Tahoe sees about 15, 000 vessel launches a year — mostly between Memorial Day and Labor Day, the time when millions of visitors arrive to fish, wakesurf, kayak, Jet Ski, tube or just putter around in the sun. Rental companies stationed around the lake, primarily on the particular California half, are readying their fleets for another banner season.

“Once it warms up, we’ll be slamming, ” said Dustin Kenney, office manager at Tahoe Keys Boat Rentals in South Lake Tahoe, one of the most popular rental operators on typically the lake.

But Tahoe presents all kinds of challenges for inexperienced boaters. Locals say it functions more like an ocean — with bone-chilling water temperatures, currents, chop and variably harsh surface conditions.

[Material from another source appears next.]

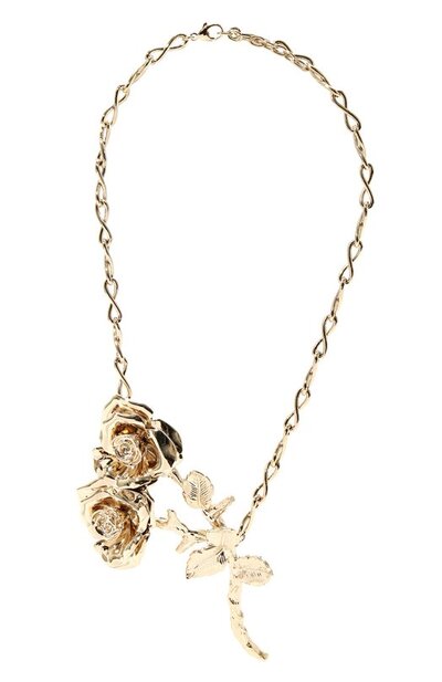 Колье-цепочку с крупными звеньями в форме символа бесконечности дополнили вставкой в виде ветви розы. Регулируемое украшение из латуни с гальваническим покрытием золотом застегивается небольшим карабином.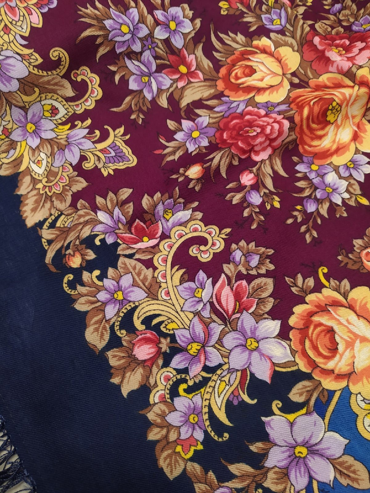 Второй трофей - малыш Екатерины Регуновой с полем цвета чудесной спелой вишни и пышными букетами. Любимые ирисы :: В архиве номера у этого платочка нет, ппф 72*72

There are drownings every year, including one already this month.

Tahoe authorities are working to better organize activity on this lake for decades to come. The Tahoe Regional Planning Agency, which regulates development around the lake’s 72-mile shoreline, is seeking to expand lake access with more buoys, piers plus boat ramps, rein in illegal practices and emphasize safe travel, with special attention paid to environmentally sensitive areas.

Deckhand Brandon Thornberg of Tahoe Sports goes over life jacket safety with Michael Korcek before a day on Lake Tahoe.

Deckhand Brandon Thornberg of Tahoe Sports goes over life jacket safety with Michael Korcek before a day about Lake Tahoe.

Brian Walker / Special to The Chronicle

“The goal is to improve recreation for all, ” said Jeff Cowen, Tahoe Local Planning Agency public information officer.

Central to the agency’s efforts is reaching visiting boat renters.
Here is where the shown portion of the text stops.